About 65 percent of fuel sales across Germany are made by the big five. Each company, rather than the franchise-holder of any petrol station, sets the prices for the whole chain.

The Bundeskartellamt monitored price changes at more than 400 petrol stations from 19 fuel companies between January 2007 and June 2010 in the areas of Hamburg, Leipzig, Cologne and Munich.

In almost all cases, either Aral or Shell was the trailblazer in hiking its prices across large areas. Exactly three hours later the other firm would adjust its own prices to match the first one. The three other major firms would then also follow suit in predictable time patterns.

The watchdog said concrete action was needed to deal with breaches of the law.

It called on lawmakers to examine whether improvements to regulations protecting consumers could be made to prevent oligopolistic pricing. Mundt said the watchdog felt a bit like an umpire in a sporting match who was powerless to do anything.
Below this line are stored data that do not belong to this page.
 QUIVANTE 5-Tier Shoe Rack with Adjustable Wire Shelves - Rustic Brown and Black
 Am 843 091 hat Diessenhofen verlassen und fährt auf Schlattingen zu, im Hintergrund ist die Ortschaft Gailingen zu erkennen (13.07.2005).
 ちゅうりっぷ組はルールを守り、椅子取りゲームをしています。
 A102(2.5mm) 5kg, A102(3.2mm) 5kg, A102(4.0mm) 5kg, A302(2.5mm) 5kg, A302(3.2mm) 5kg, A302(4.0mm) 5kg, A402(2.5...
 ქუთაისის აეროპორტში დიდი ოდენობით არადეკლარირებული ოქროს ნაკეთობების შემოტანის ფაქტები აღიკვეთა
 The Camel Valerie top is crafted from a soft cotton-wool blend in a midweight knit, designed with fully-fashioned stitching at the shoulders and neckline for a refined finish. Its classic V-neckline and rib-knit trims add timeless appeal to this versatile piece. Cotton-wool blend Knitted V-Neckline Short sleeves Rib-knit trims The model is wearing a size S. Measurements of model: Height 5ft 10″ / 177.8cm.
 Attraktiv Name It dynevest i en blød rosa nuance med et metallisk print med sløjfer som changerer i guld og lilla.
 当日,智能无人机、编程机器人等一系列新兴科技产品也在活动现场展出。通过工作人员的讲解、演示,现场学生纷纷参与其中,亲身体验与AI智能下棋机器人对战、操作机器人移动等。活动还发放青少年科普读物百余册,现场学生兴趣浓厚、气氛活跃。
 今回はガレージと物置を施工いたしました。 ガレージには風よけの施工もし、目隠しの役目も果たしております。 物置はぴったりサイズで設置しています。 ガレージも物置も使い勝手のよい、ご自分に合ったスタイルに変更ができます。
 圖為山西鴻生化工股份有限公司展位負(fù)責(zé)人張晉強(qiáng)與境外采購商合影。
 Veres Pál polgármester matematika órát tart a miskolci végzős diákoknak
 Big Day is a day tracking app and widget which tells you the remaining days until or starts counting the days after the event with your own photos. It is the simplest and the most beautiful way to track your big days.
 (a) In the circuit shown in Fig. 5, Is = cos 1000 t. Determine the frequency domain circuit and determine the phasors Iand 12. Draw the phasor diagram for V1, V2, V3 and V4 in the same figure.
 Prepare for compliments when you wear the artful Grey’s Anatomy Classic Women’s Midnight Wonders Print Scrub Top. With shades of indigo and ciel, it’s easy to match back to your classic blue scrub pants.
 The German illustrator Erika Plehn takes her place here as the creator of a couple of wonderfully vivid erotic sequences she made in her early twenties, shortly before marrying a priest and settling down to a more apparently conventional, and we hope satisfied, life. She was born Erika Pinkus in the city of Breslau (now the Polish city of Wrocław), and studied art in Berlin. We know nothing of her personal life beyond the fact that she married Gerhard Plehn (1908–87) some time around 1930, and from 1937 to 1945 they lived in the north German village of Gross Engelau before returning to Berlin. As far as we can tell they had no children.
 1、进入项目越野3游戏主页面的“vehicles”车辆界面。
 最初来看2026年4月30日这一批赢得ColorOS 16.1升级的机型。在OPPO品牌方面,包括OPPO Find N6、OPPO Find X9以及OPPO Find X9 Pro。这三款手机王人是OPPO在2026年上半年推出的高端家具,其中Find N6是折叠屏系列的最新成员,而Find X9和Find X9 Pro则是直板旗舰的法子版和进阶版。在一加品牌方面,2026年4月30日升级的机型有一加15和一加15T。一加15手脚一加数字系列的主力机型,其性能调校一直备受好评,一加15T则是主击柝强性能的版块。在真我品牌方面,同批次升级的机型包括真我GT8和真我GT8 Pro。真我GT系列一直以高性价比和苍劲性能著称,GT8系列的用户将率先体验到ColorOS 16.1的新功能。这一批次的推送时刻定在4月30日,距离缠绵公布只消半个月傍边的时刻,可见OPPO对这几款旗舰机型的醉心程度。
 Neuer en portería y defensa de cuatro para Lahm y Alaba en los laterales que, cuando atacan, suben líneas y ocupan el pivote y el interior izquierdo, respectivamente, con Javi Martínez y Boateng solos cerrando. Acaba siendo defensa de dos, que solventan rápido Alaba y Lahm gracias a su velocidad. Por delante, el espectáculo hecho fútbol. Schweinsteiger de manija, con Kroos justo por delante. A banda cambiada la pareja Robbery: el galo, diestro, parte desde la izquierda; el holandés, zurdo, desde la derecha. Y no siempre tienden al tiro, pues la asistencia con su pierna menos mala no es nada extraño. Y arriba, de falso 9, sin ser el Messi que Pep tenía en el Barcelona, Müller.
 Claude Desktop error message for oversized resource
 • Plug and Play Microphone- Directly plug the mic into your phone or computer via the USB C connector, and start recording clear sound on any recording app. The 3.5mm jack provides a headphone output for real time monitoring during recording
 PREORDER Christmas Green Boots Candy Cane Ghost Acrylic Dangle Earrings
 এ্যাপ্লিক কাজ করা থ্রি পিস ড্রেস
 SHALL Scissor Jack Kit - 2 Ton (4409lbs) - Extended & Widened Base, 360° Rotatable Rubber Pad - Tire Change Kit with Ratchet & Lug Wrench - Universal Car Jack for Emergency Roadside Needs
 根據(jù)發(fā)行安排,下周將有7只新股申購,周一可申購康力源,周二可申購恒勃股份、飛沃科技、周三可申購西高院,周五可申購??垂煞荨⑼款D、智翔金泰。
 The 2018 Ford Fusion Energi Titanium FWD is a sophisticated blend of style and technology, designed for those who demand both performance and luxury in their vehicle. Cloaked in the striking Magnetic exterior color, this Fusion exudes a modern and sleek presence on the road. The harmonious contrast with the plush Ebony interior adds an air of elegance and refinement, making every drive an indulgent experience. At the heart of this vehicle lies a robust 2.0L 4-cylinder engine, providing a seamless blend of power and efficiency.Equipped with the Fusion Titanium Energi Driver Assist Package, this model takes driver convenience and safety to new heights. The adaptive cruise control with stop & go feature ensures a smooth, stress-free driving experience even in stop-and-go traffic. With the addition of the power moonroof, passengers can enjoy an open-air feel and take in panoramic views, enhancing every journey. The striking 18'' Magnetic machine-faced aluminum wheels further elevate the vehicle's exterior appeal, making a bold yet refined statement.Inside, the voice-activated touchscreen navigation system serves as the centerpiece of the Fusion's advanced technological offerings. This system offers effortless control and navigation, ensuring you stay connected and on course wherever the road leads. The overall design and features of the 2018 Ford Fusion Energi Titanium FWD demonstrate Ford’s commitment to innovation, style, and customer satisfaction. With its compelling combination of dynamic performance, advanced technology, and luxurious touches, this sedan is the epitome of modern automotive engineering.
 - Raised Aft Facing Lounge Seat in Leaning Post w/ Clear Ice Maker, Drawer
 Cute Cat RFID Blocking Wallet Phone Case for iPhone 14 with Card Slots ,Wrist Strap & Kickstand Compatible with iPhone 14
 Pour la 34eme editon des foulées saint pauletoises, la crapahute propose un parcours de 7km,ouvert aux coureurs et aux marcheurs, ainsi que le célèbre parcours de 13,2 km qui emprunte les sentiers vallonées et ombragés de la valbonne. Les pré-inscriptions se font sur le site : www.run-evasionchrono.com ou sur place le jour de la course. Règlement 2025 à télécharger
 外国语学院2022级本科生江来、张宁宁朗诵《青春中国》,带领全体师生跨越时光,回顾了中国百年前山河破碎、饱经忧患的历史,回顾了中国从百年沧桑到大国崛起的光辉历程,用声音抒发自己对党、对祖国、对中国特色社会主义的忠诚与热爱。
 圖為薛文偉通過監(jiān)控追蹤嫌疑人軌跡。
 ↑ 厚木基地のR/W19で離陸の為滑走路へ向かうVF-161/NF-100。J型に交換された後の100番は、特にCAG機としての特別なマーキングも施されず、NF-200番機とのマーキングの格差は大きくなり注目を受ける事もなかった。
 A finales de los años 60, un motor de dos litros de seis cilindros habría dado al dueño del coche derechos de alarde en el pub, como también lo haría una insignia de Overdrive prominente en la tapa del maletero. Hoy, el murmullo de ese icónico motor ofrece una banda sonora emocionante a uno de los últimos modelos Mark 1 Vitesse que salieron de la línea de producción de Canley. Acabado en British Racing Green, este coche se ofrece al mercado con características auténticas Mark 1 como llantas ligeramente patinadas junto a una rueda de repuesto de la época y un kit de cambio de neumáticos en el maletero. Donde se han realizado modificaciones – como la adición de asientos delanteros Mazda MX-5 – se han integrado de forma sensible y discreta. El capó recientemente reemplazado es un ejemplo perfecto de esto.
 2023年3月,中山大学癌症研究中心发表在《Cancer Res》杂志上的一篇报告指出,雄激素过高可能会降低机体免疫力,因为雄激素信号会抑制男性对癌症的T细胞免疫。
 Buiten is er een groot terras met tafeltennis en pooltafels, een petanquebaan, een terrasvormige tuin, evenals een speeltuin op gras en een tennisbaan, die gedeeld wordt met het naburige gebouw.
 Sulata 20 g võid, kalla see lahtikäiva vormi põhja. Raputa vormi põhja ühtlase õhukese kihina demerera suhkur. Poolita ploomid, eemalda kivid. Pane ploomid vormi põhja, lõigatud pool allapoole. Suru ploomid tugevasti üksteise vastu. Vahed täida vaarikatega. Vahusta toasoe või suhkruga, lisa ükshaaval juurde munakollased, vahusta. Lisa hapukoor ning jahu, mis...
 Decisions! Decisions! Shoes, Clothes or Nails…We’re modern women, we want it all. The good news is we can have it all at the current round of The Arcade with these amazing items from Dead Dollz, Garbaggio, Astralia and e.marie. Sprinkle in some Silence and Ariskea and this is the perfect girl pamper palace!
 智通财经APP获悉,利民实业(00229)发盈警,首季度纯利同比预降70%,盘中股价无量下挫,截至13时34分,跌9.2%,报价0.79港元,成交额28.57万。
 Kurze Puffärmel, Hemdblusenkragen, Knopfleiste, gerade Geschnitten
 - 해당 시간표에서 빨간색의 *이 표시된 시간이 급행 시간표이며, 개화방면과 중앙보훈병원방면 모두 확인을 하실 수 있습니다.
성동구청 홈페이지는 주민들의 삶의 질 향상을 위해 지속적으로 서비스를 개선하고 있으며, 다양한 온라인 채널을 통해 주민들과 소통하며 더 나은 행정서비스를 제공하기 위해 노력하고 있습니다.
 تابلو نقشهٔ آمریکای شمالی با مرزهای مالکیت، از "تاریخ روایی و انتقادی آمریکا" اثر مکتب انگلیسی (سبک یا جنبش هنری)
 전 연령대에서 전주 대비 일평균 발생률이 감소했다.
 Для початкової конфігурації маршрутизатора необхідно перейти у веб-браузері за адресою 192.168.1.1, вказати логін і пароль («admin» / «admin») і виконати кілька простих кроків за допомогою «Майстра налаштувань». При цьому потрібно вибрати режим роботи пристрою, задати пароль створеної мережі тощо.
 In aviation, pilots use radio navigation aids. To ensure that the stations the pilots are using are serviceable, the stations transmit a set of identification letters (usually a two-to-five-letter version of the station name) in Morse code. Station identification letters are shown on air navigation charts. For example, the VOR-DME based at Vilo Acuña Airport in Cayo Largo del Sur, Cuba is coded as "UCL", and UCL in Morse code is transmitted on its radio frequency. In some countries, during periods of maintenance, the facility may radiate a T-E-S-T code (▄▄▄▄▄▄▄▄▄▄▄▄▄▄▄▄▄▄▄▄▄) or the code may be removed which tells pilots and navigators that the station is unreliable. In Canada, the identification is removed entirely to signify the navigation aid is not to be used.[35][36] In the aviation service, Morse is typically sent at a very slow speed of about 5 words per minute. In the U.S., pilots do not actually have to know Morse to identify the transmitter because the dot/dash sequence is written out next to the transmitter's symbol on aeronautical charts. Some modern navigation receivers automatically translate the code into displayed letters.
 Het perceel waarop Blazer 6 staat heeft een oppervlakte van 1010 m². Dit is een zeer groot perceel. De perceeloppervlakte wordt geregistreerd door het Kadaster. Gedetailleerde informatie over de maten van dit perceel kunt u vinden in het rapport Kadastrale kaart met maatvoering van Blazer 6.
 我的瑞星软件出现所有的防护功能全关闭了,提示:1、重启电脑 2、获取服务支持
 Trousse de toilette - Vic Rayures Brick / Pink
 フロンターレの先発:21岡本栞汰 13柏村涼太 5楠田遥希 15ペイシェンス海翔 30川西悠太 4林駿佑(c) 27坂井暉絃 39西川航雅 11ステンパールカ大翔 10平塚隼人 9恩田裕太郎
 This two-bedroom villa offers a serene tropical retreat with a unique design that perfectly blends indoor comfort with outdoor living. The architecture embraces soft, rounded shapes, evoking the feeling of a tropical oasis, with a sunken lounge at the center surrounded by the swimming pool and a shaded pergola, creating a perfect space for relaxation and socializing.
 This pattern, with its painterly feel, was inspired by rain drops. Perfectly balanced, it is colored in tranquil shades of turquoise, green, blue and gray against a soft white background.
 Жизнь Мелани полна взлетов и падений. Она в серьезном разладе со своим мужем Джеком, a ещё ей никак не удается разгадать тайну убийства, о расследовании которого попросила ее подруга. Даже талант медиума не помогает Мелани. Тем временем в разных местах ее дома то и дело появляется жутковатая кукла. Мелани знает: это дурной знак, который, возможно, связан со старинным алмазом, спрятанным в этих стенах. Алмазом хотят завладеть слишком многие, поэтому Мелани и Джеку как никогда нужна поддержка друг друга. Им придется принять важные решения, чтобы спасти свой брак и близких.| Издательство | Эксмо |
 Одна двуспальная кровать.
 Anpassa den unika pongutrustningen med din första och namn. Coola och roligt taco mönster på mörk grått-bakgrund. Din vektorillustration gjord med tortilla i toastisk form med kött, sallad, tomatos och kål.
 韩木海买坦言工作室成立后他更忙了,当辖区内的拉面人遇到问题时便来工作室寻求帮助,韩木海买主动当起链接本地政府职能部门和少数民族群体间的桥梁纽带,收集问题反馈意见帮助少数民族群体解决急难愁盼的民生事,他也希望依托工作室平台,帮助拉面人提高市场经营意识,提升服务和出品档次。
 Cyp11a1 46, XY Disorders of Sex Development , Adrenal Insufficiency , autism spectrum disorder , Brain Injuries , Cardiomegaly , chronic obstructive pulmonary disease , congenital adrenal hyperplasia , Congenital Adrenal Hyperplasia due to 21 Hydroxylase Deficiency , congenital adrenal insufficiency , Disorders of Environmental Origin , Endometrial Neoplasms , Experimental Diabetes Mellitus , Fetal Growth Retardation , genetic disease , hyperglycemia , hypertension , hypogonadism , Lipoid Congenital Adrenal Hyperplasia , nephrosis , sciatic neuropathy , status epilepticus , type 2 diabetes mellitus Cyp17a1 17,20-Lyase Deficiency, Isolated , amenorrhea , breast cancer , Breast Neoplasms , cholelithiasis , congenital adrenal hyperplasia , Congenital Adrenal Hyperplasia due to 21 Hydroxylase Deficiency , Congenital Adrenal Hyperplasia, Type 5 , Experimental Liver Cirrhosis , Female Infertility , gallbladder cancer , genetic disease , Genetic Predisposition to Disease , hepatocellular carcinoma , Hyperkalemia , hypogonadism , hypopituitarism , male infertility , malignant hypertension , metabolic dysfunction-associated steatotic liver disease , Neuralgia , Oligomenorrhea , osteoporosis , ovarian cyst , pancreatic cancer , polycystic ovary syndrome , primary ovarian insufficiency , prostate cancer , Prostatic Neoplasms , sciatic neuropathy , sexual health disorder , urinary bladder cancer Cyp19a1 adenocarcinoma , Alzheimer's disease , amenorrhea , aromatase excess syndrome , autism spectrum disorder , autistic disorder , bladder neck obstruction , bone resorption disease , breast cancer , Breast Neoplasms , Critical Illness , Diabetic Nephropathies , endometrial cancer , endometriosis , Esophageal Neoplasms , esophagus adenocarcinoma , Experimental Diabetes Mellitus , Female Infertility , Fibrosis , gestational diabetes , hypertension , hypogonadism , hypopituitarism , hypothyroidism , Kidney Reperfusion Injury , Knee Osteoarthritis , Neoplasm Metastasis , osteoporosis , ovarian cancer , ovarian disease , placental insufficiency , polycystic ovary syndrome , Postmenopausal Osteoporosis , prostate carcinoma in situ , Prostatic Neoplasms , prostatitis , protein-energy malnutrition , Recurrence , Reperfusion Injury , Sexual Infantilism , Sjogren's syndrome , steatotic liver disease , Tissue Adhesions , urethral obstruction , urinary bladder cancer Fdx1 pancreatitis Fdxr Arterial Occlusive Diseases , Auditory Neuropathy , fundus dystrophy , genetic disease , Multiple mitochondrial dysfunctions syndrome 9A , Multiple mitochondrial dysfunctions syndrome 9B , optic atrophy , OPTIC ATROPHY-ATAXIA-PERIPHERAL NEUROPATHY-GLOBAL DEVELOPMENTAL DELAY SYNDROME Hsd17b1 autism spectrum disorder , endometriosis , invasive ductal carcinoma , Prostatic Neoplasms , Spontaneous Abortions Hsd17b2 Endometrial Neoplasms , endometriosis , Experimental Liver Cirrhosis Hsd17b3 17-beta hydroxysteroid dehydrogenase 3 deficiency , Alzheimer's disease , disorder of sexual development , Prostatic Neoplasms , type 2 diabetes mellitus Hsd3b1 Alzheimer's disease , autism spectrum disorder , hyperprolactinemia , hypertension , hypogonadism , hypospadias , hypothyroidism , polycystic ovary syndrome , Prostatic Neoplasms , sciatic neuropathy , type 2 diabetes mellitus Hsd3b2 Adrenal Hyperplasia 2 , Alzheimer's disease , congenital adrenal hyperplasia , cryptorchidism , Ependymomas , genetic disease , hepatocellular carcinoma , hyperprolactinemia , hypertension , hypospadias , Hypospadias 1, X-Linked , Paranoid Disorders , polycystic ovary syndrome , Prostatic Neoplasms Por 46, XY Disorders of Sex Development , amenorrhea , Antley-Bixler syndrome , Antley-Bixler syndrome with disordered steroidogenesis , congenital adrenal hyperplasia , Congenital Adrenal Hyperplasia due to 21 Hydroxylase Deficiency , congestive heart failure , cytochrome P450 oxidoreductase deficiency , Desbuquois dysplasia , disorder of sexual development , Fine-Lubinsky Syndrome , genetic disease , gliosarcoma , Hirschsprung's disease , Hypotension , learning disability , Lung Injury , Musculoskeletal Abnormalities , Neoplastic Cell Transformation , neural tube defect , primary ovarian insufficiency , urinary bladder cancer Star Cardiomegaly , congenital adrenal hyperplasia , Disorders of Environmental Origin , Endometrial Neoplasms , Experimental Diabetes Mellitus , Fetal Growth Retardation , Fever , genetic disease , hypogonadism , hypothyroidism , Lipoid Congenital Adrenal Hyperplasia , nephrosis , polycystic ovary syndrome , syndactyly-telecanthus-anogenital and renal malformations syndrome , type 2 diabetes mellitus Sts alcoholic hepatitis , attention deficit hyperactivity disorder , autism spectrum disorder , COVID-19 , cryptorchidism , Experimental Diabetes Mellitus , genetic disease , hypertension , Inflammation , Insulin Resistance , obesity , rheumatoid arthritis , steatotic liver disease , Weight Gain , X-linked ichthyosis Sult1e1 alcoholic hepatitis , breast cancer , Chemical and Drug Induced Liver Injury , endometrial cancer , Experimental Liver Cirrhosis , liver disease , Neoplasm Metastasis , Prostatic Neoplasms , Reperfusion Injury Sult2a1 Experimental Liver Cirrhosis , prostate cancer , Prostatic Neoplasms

“Perhaps the rules of the game should be changed a little,” he said.

He pointed to Western Australia as a possible model for changes. There, daily petrol prices have to be announced the previous day. However, changes to the law would be needed to enforce such a measure here in Germany.

The watchdog would take a very tough approach in future to any proposed mergers, he said.

“On the basis of our findings, we will prevent further concentration in the petrol station market and ensure that the oligopolists do not abuse their market power,” Mundt said.